WORK ORDER —
Nothing in the records should be left out; transcribe them exactly.

Excerpts from a dataset
* * * *

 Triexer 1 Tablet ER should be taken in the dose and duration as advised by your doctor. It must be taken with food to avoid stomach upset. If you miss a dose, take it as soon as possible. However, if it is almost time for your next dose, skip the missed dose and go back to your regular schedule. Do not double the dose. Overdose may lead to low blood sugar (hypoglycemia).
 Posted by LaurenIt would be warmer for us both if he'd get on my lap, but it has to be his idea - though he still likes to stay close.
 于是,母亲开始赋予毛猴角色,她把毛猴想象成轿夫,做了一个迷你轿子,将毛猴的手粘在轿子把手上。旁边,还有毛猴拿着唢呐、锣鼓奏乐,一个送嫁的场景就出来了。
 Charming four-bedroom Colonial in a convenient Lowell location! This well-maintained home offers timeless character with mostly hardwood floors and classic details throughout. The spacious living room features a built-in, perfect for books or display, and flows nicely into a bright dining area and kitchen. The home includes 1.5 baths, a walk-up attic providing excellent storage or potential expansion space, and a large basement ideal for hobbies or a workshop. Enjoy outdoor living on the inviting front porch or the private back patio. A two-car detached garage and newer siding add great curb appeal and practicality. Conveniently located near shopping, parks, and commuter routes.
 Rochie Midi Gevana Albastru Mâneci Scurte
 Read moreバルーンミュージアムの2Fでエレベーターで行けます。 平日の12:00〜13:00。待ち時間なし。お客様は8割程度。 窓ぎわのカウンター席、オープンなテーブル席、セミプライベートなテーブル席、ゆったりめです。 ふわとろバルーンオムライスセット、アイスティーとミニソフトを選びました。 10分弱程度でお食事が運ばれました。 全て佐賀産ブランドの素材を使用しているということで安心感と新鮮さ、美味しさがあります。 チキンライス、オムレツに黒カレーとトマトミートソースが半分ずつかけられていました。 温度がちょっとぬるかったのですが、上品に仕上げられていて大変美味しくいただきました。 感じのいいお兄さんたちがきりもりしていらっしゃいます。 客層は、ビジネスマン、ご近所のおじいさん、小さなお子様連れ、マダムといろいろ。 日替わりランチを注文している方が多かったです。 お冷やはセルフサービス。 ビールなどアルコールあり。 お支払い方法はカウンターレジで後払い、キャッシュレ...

* * * *

ANSWER TO THIS TASK —
 Triexer 1 Tablet ER should be taken in the dose and duration as advised by your doctor. It must be taken with food to avoid stomach upset. If you miss a dose, take it as soon as possible. However, if it is almost time for your next dose, skip the missed dose and go back to your regular schedule. Do not double the dose. Overdose may lead to low blood sugar (hypoglycemia).
 Posted by LaurenIt would be warmer for us both if he'd get on my lap, but it has to be his idea - though he still likes to stay close.
 于是,母亲开始赋予毛猴角色,她把毛猴想象成轿夫,做了一个迷你轿子,将毛猴的手粘在轿子把手上。旁边,还有毛猴拿着唢呐、锣鼓奏乐,一个送嫁的场景就出来了。
 Charming four-bedroom Colonial in a convenient Lowell location! This well-maintained home offers timeless character with mostly hardwood floors and classic details throughout. The spacious living room features a built-in, perfect for books or display, and flows nicely into a bright dining area and kitchen. The home includes 1.5 baths, a walk-up attic providing excellent storage or potential expansion space, and a large basement ideal for hobbies or a workshop. Enjoy outdoor living on the inviting front porch or the private back patio. A two-car detached garage and newer siding add great curb appeal and practicality. Conveniently located near shopping, parks, and commuter routes.
 Rochie Midi Gevana Albastru Mâneci Scurte
 Read moreバルーンミュージアムの2Fでエレベーターで行けます。 平日の12:00〜13:00。待ち時間なし。お客様は8割程度。 窓ぎわのカウンター席、オープンなテーブル席、セミプライベートなテーブル席、ゆったりめです。 ふわとろバルーンオムライスセット、アイスティーとミニソフトを選びました。 10分弱程度でお食事が運ばれました。 全て佐賀産ブランドの素材を使用しているということで安心感と新鮮さ、美味しさがあります。 チキンライス、オムレツに黒カレーとトマトミートソースが半分ずつかけられていました。 温度がちょっとぬるかったのですが、上品に仕上げられていて大変美味しくいただきました。 感じのいいお兄さんたちがきりもりしていらっしゃいます。 客層は、ビジネスマン、ご近所のおじいさん、小さなお子様連れ、マダムといろいろ。 日替わりランチを注文している方が多かったです。 お冷やはセルフサービス。 ビールなどアルコールあり。 お支払い方法はカウンターレジで後払い、キャッシュレ...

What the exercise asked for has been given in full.